* **TASK ITEM**
The answer must be the lines from the one that holds "En esta página" through the final line of the data, copied exactly, with no pictures.

━━━ MATERIAL PROVIDED

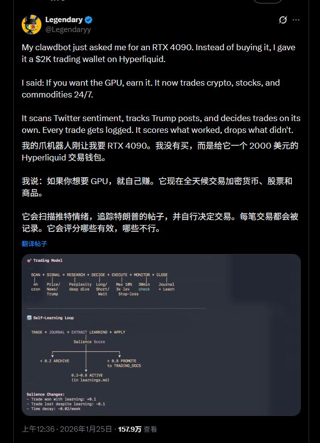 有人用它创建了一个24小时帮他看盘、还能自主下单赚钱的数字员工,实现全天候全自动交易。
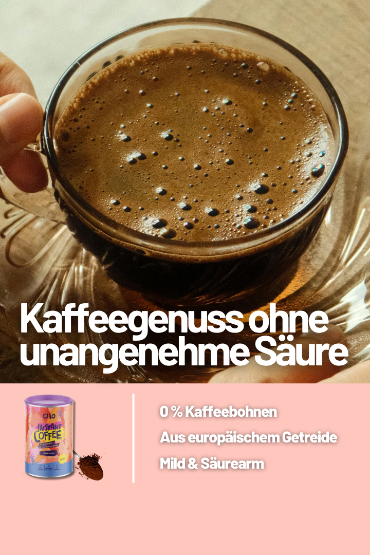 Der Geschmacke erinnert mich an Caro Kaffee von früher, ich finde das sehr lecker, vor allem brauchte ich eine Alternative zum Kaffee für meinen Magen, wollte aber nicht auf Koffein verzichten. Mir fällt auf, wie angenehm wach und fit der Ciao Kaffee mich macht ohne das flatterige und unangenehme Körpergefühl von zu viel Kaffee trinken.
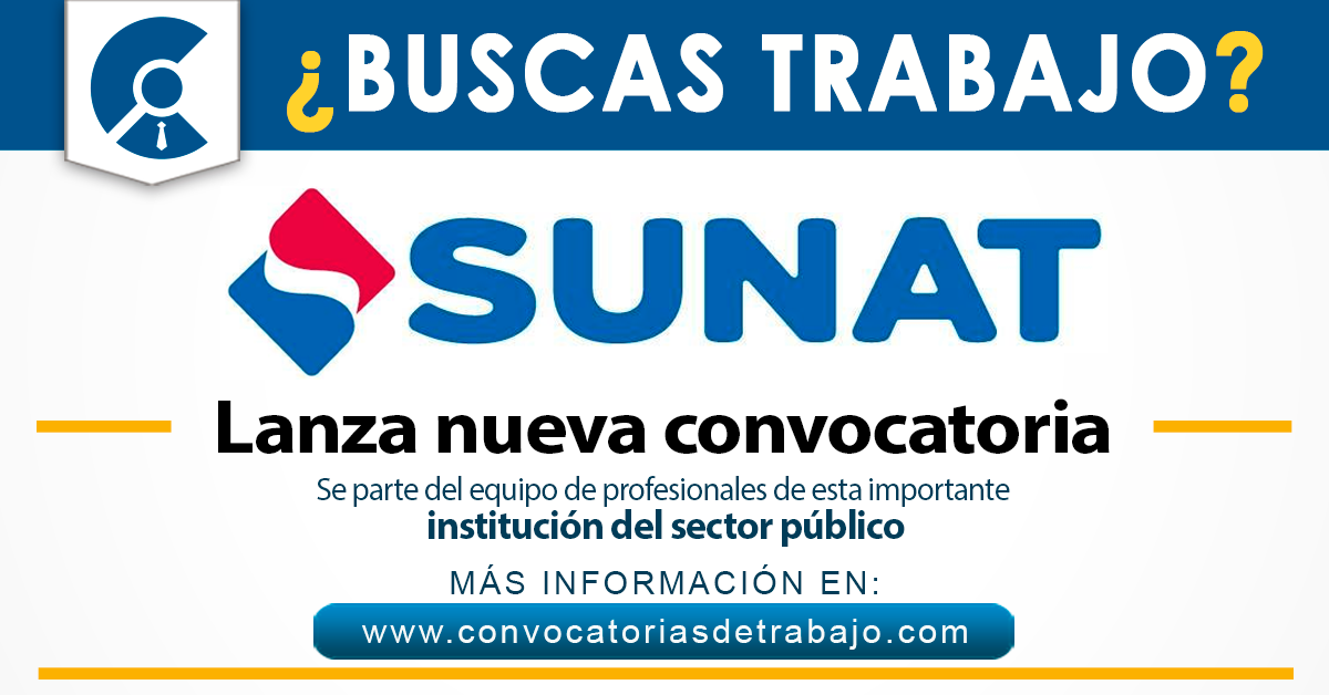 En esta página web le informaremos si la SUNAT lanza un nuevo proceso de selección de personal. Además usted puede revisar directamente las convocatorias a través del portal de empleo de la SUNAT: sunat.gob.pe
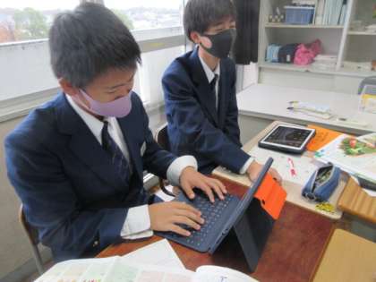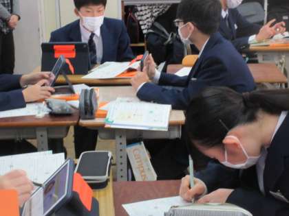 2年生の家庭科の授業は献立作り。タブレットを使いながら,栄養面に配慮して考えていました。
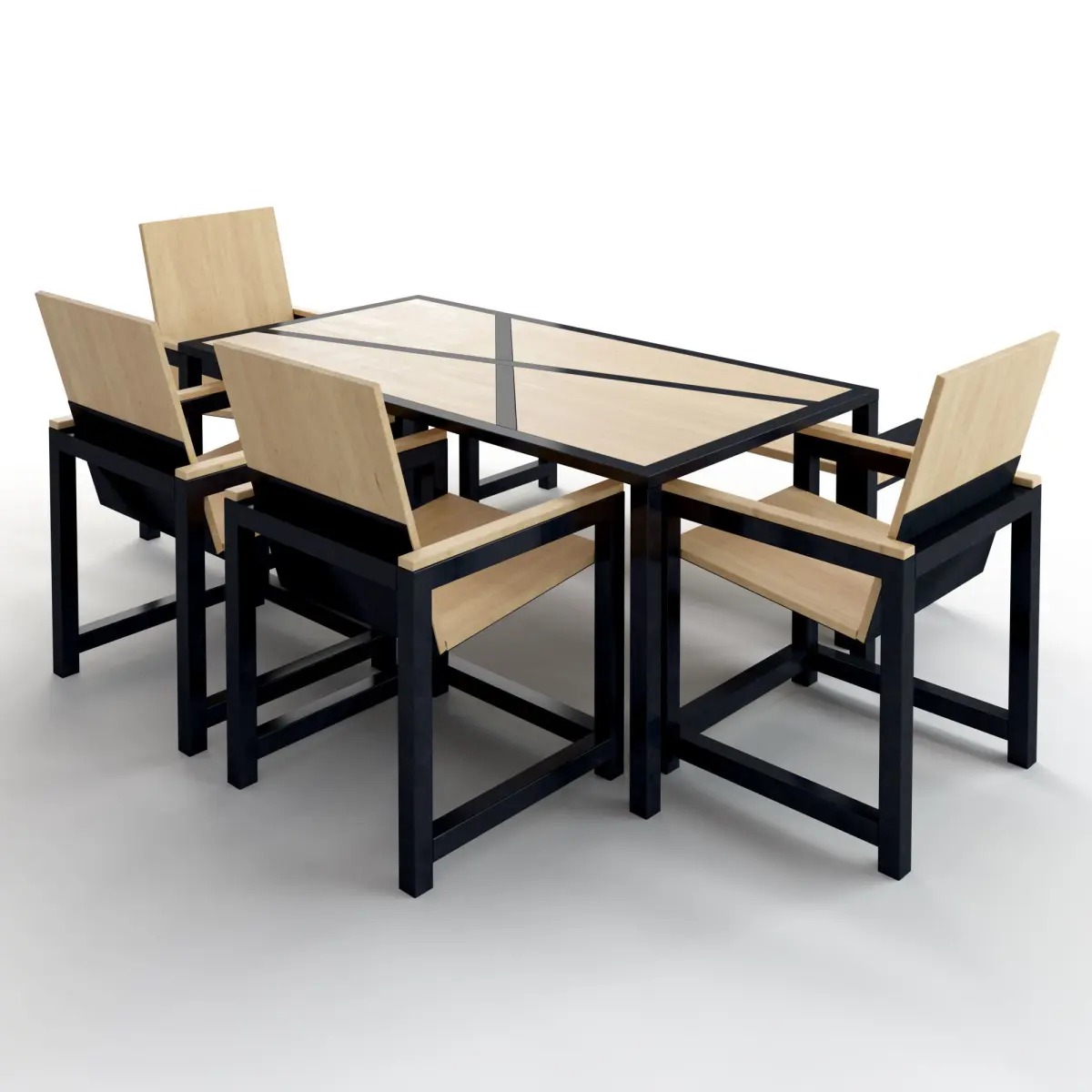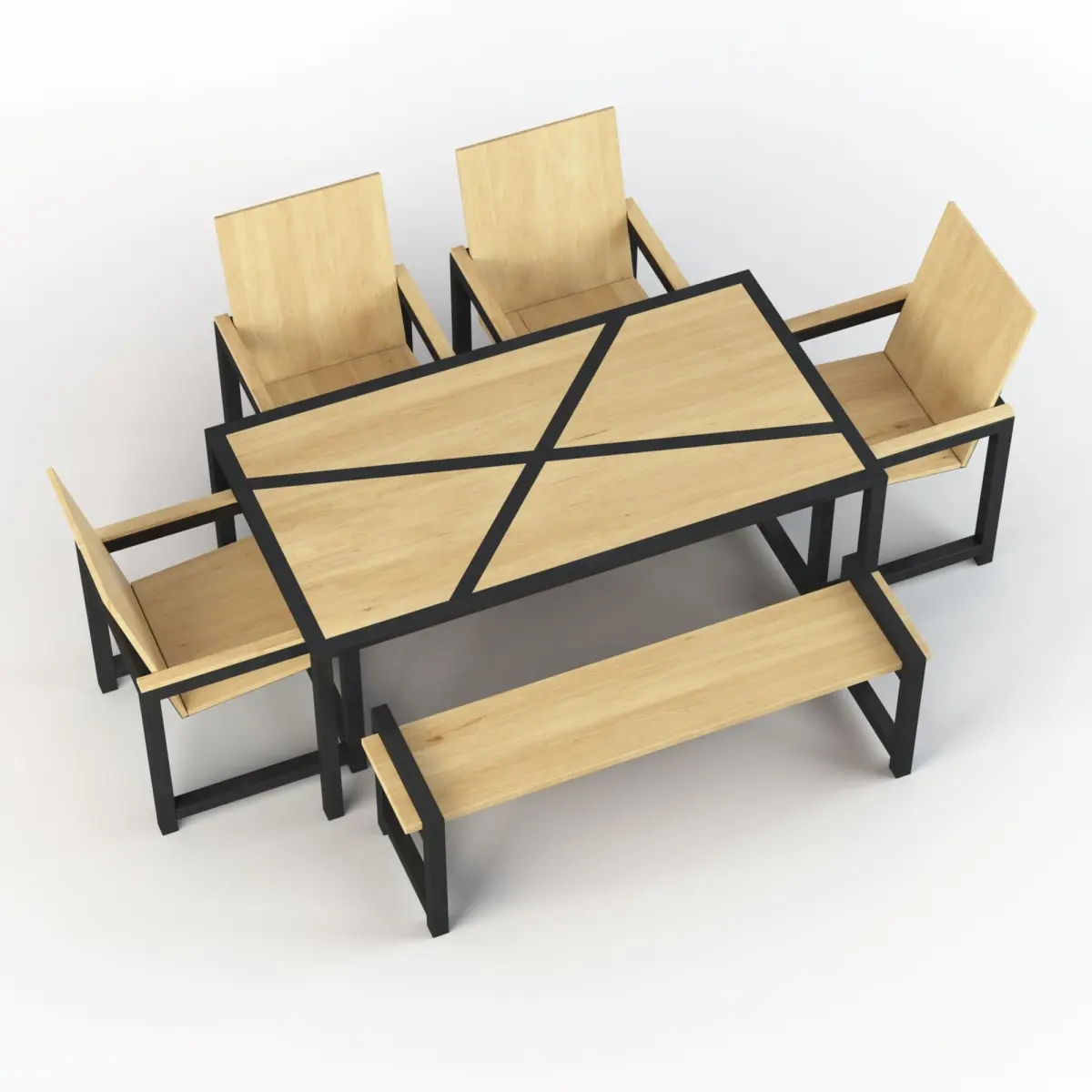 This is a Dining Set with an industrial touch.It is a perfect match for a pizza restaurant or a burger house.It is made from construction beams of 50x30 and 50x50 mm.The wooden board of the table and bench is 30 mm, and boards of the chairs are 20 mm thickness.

━━━━━━

* **EXERCISE RESULT**
 En esta página web le informaremos si la SUNAT lanza un nuevo proceso de selección de personal. Además usted puede revisar directamente las convocatorias a través del portal de empleo de la SUNAT: sunat.gob.pe
 2年生の家庭科の授業は献立作り。タブレットを使いながら,栄養面に配慮して考えていました。
 This is a Dining Set with an industrial touch.It is a perfect match for a pizza restaurant or a burger house.It is made from construction beams of 50x30 and 50x50 mm.The wooden board of the table and bench is 30 mm, and boards of the chairs are 20 mm thickness.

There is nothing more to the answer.